The invitation half mile race was expected to be the event of the day, but was somewhat of a disappointment, because all the entries were afraid to run against Hollister except Hollander of New York. Hollister set the pace from the start and Hollander ran at his heels for a lap and a half. Here Hollister increased his speed and gradually drawing ahead, won as he pleased by 40 yards. His time of 1m. 56 4-5s. breaks the Harvard record of 1m. 56 7-8s., held by Goodwin, and might easily have been faster if Hollister had been pushed at all.

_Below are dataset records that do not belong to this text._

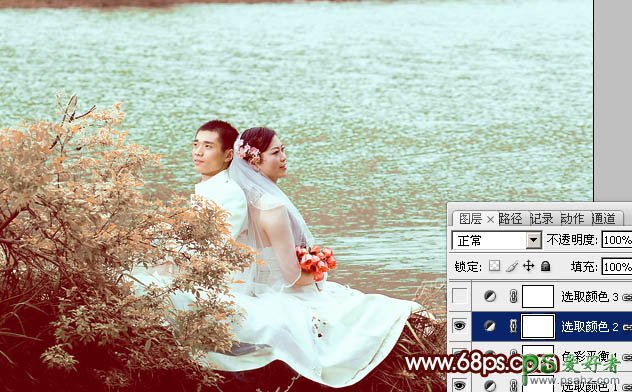photoshop调出漂亮的河景情侣外景婚纱照教程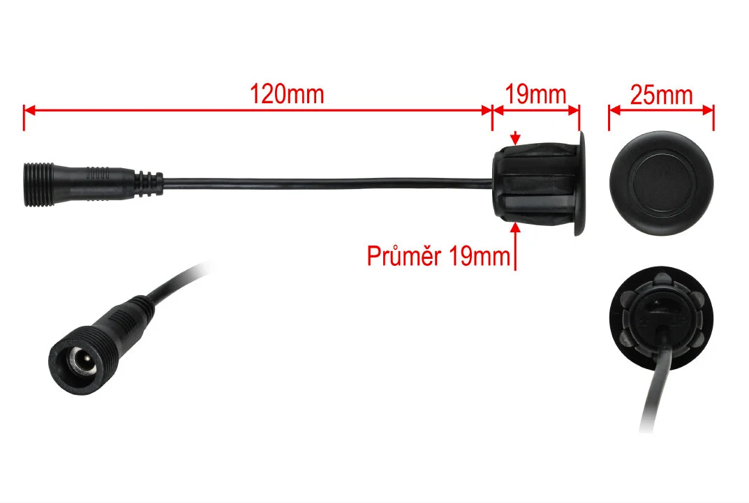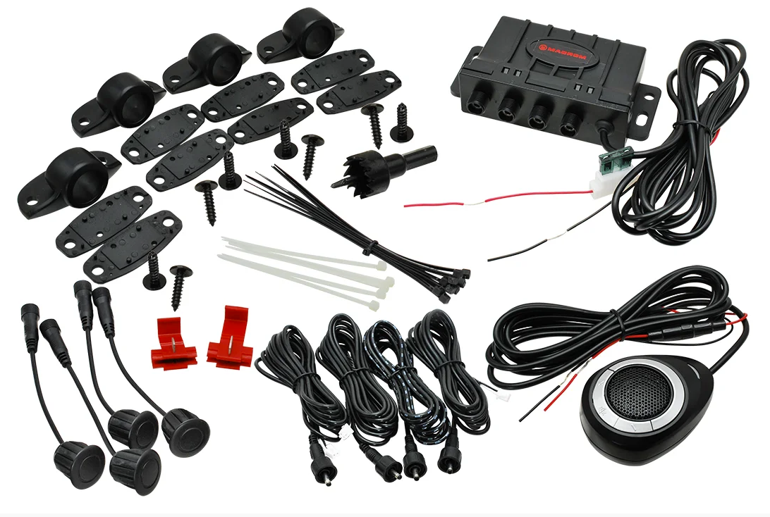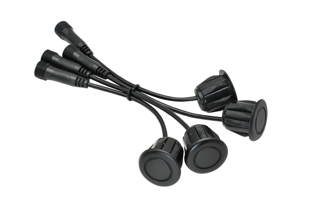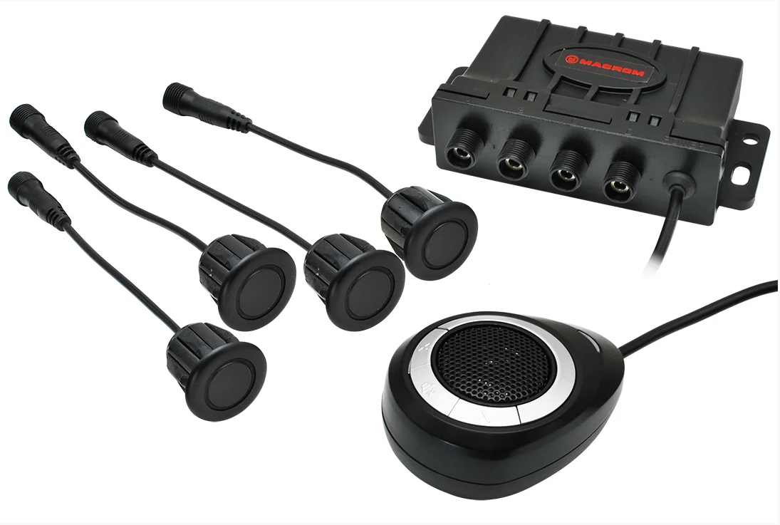 Profesionálna sada zadných parkovacích senzorov s bezdrôtovým bzučiakom je ideálnym riešením pre automobily s kovovým nárazníkom, dodávkové i nákladné vozidlá. Štyri ultrazvukové snímače o priemere 19 mm sa inštalujú z vonkajšej strany nárazníka a poskytujú presnú detekciu prekážok za vozidlom. Digitálne spracovanie signálu v riadiacej jednotke, eliminácia falošných poplachov a možnosť nastavenia hlasitosti i tónu bzučiaka zabezpečujú spoľahlivú a komfortnú funkciu systému. Senzory majú vodotesné prevedenie a čierny matný povrch, ktorý je možné lakovať do farby vozidla.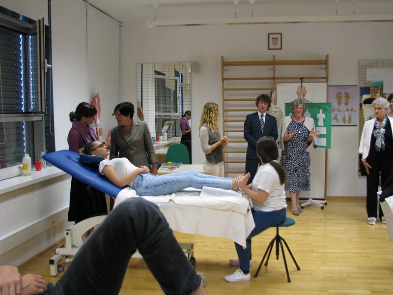 Al termine dell'incontro il Ministro ha visitato l'edificio scolastico e ha assistito ad una dimostrazione pratica di massaggi tenute dalla III e IV tec. fisiot., inoltre, ha salutato i partecipanti del progetto europeo Erasmus+ che stavano assistendo alla conferenza tenuta dal prof. Korado Korlević, nell'ambito del progetto.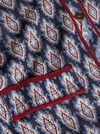 bow-detail jacquard cardigan Highlights - Multicolour - Knitted construction - Full jacquard - Bow detailing - Gold-tone buttons - Contrasting trim - V-neck - Front button fastening - Long sleeves - Straight hem Made in Italy Composition Viscose 75%, Polyester 25%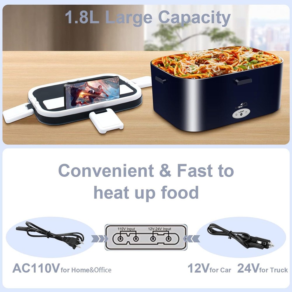 80W 1.8L Portable Electric Lunch Box Heater for Adults Large Capacity Warming Container

In the mile run a large field started with Conneff on the scratch. It was announced that Grant would try to break the Harvard record, and, as he had a handicap of 50 yards, he continued beyond the finish to this point where special timers were stationed. Conneff was in poor form and gained only a few yards on Grant during true race. Grant ran with excellent pluck and judgment, and half a lap from the finish took the lead for a moment. Foote, however, with his long handicap, proved too strong and regained the lead. Grant was a close second, and continuing to the 50 yard mark, he completed the mile in 4m. 28 1-5s., which breaks Coolidge's record of 4m. 30 4-5s.
In the quarter mile run the handicaps were altogether too long and the men near scratch had no chance to win places. The winner was M. Butler, whose time was 48s. Fish ran a good race and finished close to the winners, with Mansfield close behind him.
The half mile run was equally poorly handicapped and was won by Fenno who hardly had to exert himself.
In the low hurdle race Mason succeeded in winning from Bremer in the excellent time of 16 2-5s.
Putnam did the best work in the high jump and cleared 5 ft. 10 7-8 in. In the broad jump J. S. Clark, who was the most promising man in this event, sprained his ankle and will be unable to compete for some time.
120 Yards Hurdle Race (hurdles 3 ft. 6 in.)
Trial heats won by S. Chase, D. A. A. (owes 9 yds.) 16 4-5s.; J. H. Horne, B. C. A. A. (owes 4 yds.), 16 3-5s.; E. C. Perkins, Y. A. A. (owes 6 yds.), 16 3-5s.; V. Munroe, H. A. A. (owes 5 yds.), 17 1-5s. Final won by J. H. Horne, J. H. A. A. (owes 4 yds.); second, E. C. Perkins, Y.